Further, the monetisation of politics interacts with other unethical electoral behaviour to enthrone voter apathy, especially among young people with a lean financial base. Compared to the average voter turnout of 65-70 per cent in other regions, a report from Nigeria’s election management body―the Independent National Electoral Commission―shows that in the last two electoral cycles, including off-season elections, voter turnout across Nigeria hovered around 30–35 per cent. The progressive decline in voter participation stems principally from low public trust in state institutions arising from unfulfilled promises by elected officials who bulldozed their way to public offices through their heavy financial war chest. Hence, public accountability easily gets compromised the moment state capture exists because political power becomes mere prebends to be parcelled out in line with the cravings of political patrons and other neo-patrimonial interests.

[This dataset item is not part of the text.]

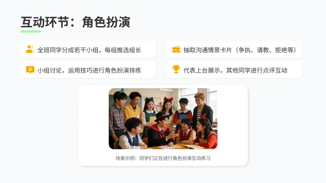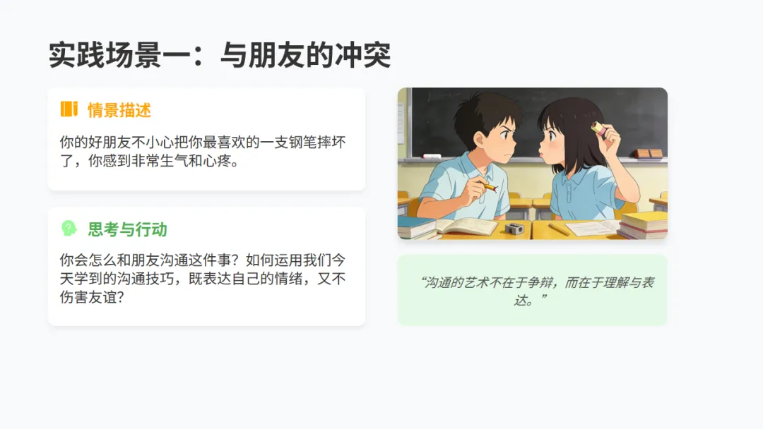 2、在情境中体验,理解、掌握人际沟通中正确的态度和方法技巧。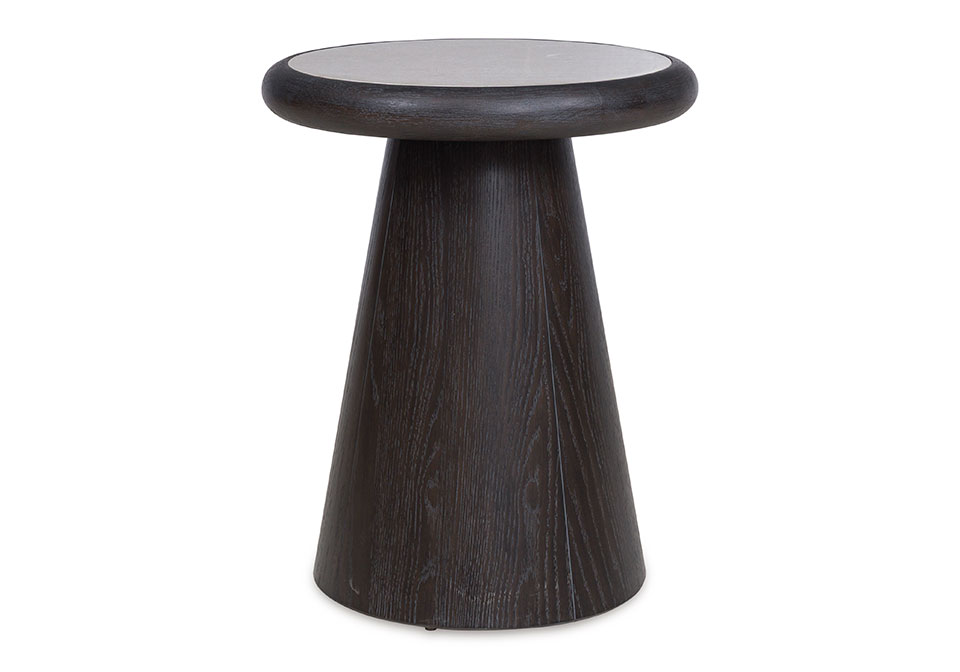 Rustic style. Refined design. This end table expertly marries a clean-lined silhouette with natural materials. Crafted with an elegant marble inlay top, it’s loaded with both homespun charm and contemporary flair. And with its versatile French black finish, this table effortlessly elevates casual aesthetics.

There is an urgent need to have a conversation around the minimal expectation of governance and the values that should drive public office in Nigeria and other African states where the ethos of liberal democracy is being entrenched. This conversation is unnegotiable if African democracies must be extricated from the prevailing culture of transactional politics. The bazaars and financial shoot-outs under the guise of party primaries in which the highest bidders secure their parties’ tickets should be reconsidered because a compromised candidate selection process cannot guarantee the election of credible leaders. In all, the Americanised delegate electoral system in Nigeria and some other African countries should be rethought because of its susceptibility to transactional politics and state capture.